Task objective
Exactly the lines starting at the line containing "2024年サマーコレクション" and ending at the line containing "An exquisite fusion" are to be written out from the listing below, both included.

Excerpted data
☆ ☆ ☆ ☆ ☆
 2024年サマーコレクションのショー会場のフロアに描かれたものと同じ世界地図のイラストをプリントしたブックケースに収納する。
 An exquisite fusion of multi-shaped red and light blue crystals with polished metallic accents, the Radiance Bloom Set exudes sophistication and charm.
☆ ☆ ☆ ☆ ☆
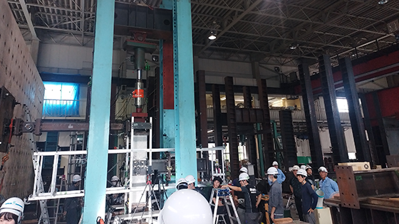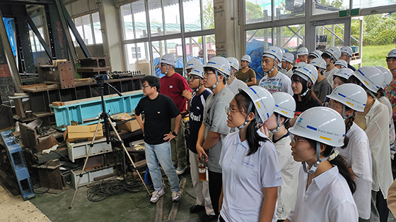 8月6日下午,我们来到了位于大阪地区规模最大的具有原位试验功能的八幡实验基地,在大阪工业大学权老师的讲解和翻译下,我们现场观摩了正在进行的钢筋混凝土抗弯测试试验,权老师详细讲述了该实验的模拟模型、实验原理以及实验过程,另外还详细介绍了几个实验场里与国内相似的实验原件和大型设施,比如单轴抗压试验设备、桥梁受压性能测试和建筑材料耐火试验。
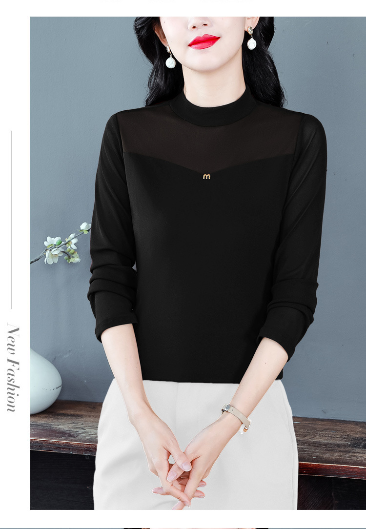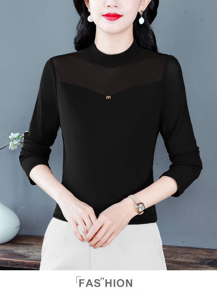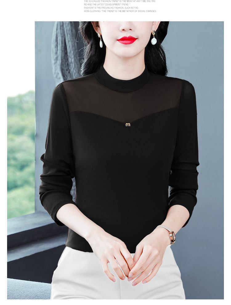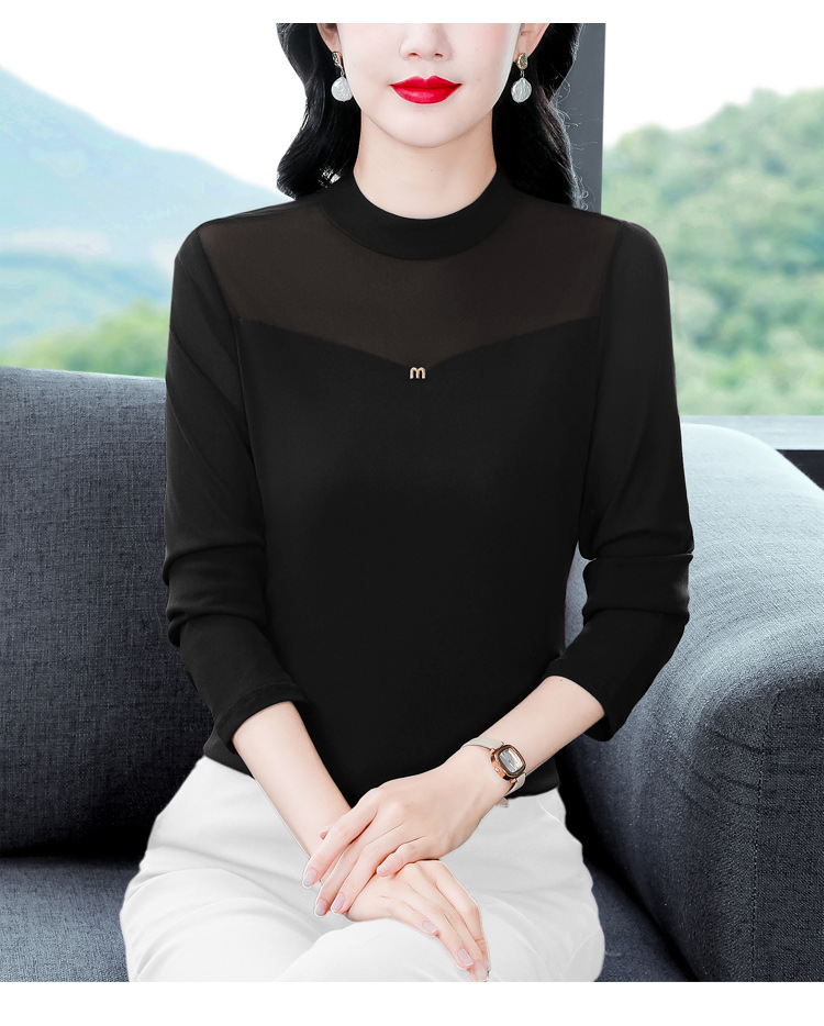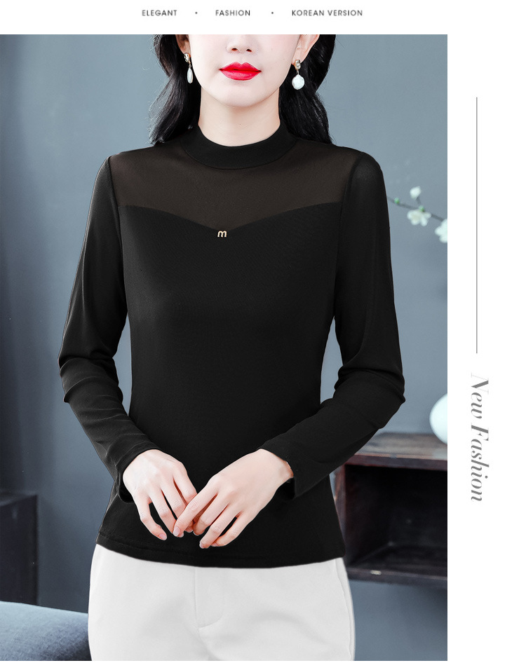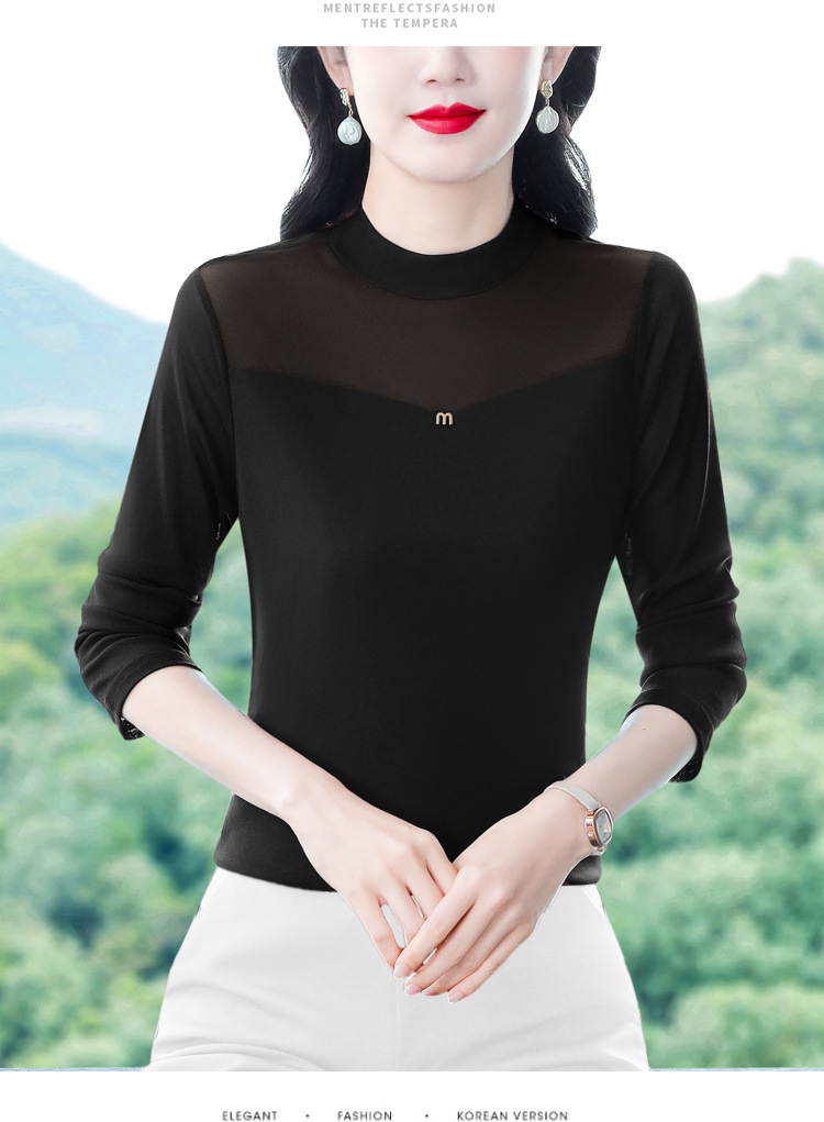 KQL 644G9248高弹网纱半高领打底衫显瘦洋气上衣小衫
☆ ☆ ☆ ☆ ☆
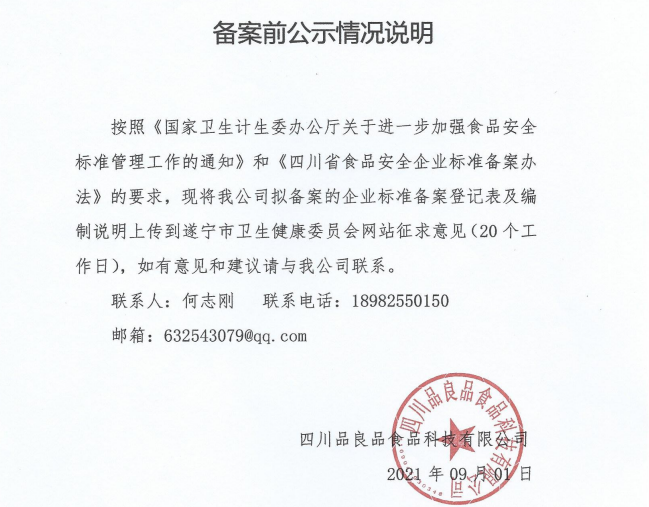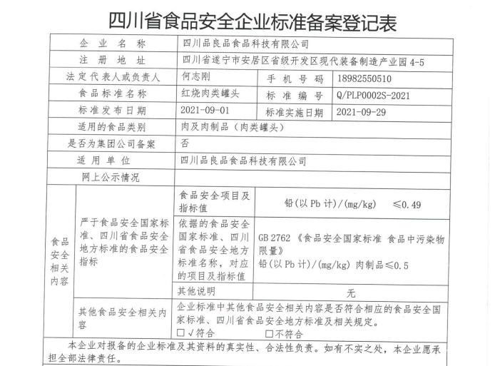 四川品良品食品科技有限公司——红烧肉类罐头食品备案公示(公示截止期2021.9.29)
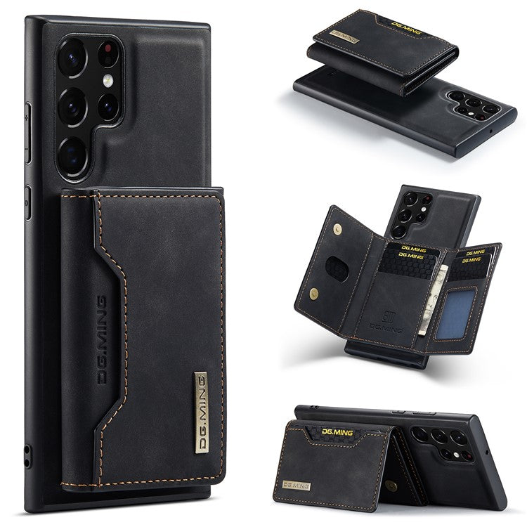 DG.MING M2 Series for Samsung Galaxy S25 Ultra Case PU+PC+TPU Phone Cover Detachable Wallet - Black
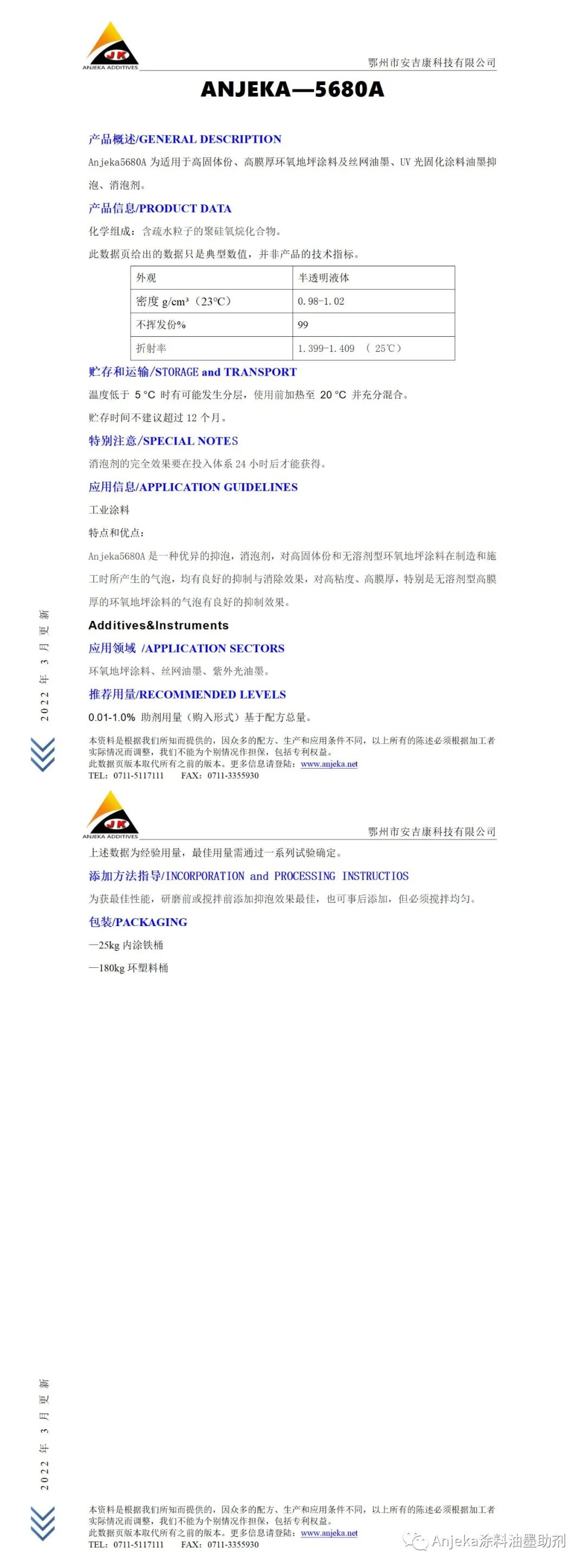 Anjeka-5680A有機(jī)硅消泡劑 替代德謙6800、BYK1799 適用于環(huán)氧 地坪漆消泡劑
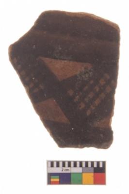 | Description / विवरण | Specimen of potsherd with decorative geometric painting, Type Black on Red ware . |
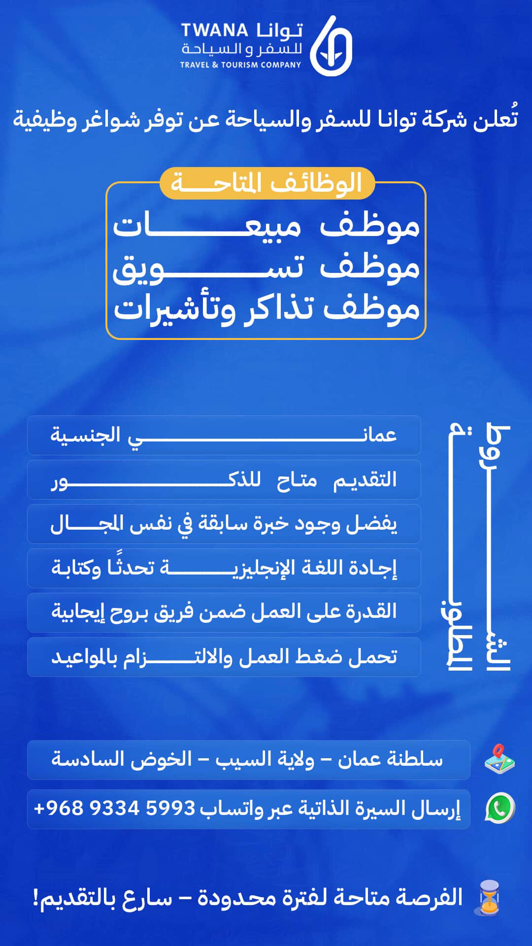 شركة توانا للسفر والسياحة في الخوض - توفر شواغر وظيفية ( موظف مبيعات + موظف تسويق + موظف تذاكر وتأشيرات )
☆ ☆ ☆ ☆ ☆
Task response
 2024年サマーコレクションのショー会場のフロアに描かれたものと同じ世界地図のイラストをプリントしたブックケースに収納する。
 An exquisite fusion of multi-shaped red and light blue crystals with polished metallic accents, the Radiance Bloom Set exudes sophistication and charm.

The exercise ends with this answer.